Bias exhibited by the Murdoch press is having too much political influence and slowly degrading our democracy, writes Dr Victoria Fielding.
HAVE YOU EVER HEARD the fable of the boiling frog? The tale goes like this. If a frog is placed in boiling water, it will jump straight out. But if it is placed in tepid water and the heat slowly rises, the frog will stay cooking in the water until it is boiled to death. The frog fails to pick the exact moment the water became dangerously hot.
This analogy is a great way of understanding how Australian democracy is being boiled in the water of Murdoch media bias.

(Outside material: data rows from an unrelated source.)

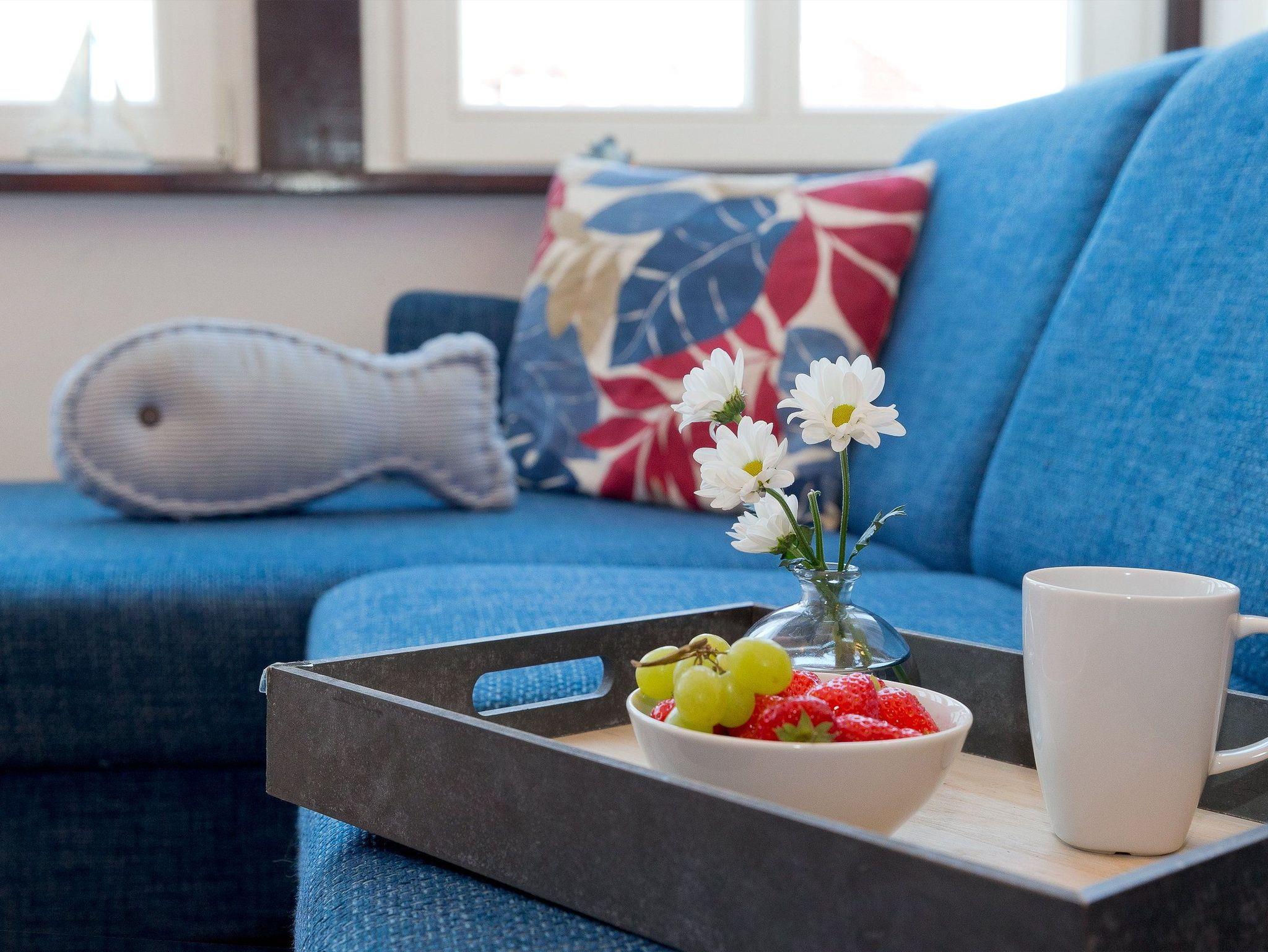 Der Wohnbereich verfügt über eine gemütliche Couch (mit Ausziehfunktion für Aufbettung) mit Leselampe, Flachbild-TV (32 Zoll), CD / DVD / Bluray 2.1 Dolby System, iPod-Dockingstation sowie einen Esstisch mit Schwingstühlen und einen Hängesessel zum Relaxen. Die im Wohnbereich integrierte komplett ausgestattete Einbauküche verfügt zudem über Kühlschrank, Mikrowelle, Ceran-Kochfeld (4 Platten), Spülmaschine, Wasserkocher, Toaster, Kaffeemaschine (4er Filter), Messerblock. Das Schlafzimmer ist mit hochwertigen Boxspringbett (160 x 200 cm) mit Leselampe ausgestattet.
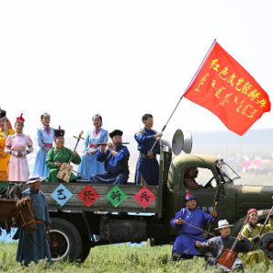 2024年7月14日,乌兰牧骑队员在内蒙古第34届草原那达慕开幕式上表演。新华社记者 贝赫 摄
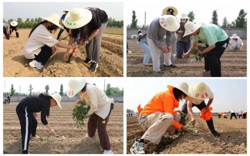 “甘薯要平种、浅种,就像‘钻被窝’一样让苗平着躺进土里。”启耕仪式上,北农植物科学技术学院赵波副教授围绕农耕文化、农事知识、耕作技术等,为师生们讲授了一堂生动的耕读教育课,在田间地头讲解和示范甘薯的种植方法。在老师的细心指导下,同学们拿起工具、有序分工,认真学习甘薯种植方法。烈日下,大中小学生们共同组队,你来挖土、我来播种,“大手拉小手”绘就了一幅和谐的劳动画卷。经过2个小时的辛勤劳动,师生们在60余亩土地上种上了甘薯、花生、鲜食玉米和向日葵等作物。来自北京市第一〇一中学昌平实验学校的初一学生兴奋地说:“以前在家只会帮着父母浇浇花,今天第一次真正到田间地头种植花生,学到了很多课本上学不到的作物知识和耕种技能,更体会到了劳动的艰辛和不易,特别盼望秋天看到花生丰收的场景。”

For many years, we have known the once tepidly biased Murdoch media was “dialling up” its bias. News reporting, commentary and opinion at Murdoch outlets were increasingly biased towards conservative ideas and right-wing political campaigning.
When former Prime Minister Kevin Rudd’s petition for a Murdoch royal commission reached a record 500,000 signatures, I wondered if this would give pause to the Murdoch machine and its journalists might reduce the simmer on their bias to stop it bubbling over.
But alas, it would appear they have instead amped it up. Perhaps since their bias has been exposed and they are called out on it either way, they may as well let their true colours shine.
The heat seems to have been turned up a notch this Federal Election to the point where democracy is boiling. As just one example, the front page of the Daily Telegraph closely resembles a Liberal Party campaign banner.
Mainstream media is not meant to be biased in this way. The whole point of news media during an election is to educate voters about their choices so they can vote in an informed way at the polling booth.
To do this effectively, journalists are meant to spend time interrogating all candidates in a fair, diverse and equitable way, discussing and comparing the details of policy announcements, and holding politicians to account for their conduct while in office and on the campaign trail.
Murdoch media is plainly failing to deliver journalism for a healthy democracy. Instead, it’s distorting reality for voters by campaigning on behalf of the Liberal-National Coalition. Its election coverage is so one-sided that it is closer to propaganda than journalism.
I always include a caveat at this point. Not all journalism produced at Murdoch outlets is one-sided. However, when it comes to political coverage, the vast majority of both journalism and commentary has become so obviously biased and so openly sides with the Liberal Party campaign that it’s astonishing our society has let it get this bad.
Part of the reason Australian democracy hasn’t jumped out of the boiling Murdoch bias is that no institution is powerful or brave enough to make an enemy of Murdoch outlets. Just like when we were told major banks were “too big to fail” during the Global Financial Crisis, Murdoch outlets are too big to critique. With 59 per cent ownership concentration, Murdoch criticism is automatically a David and Goliath battle.
Academic research regularly highlights the biased nature of Murdoch media and discusses the way Murdoch “stifles dissent” from critics. I have recently published a paper arguing Murdoch media uses news reporting to campaign for conservative cultural, social, industrial and political causes, and that this form of “conservative advocacy” degrades democracy.
Every media academic and university student I have met assumes and accepts that Murdoch media is biased. Yet, even with all this scholarly knowledge, the water continues to boil and Australian democracy continues to weaken.
The news media itself is also seemingly incapable of holding the Murdoch media to account for its corrosive impact on democracy. Indeed, when the victims of this bias – voters who have a personal stake in the health of democracy – complain about it, more often than not they are the ones criticised by non-Murdoch journalists as trolls and accused of abuse.
Journalists in Australia collectively appear more interested in taking the side of their Murdoch colleagues than defending the public’s access to fair, balanced and unbiased news media.
When people ask me what the solution to this problem is, the only answer is that Australians need to use their collective democratic power to call for more media regulation to address the problem of concentrated, politicised media power. The people of Australia are suffering from democratic injustice when the largest media organisation in the country is blatantly campaigning for conservative political causes. The only way to solve this injustice is through government reform.
But here is the dilemma. Is democracy so cooked in the media bias broth that political parties Murdoch opposes are unable to win elections? Does the frog still have time to jump out, or is it too late? Has the democracy-frog already been boiled to death?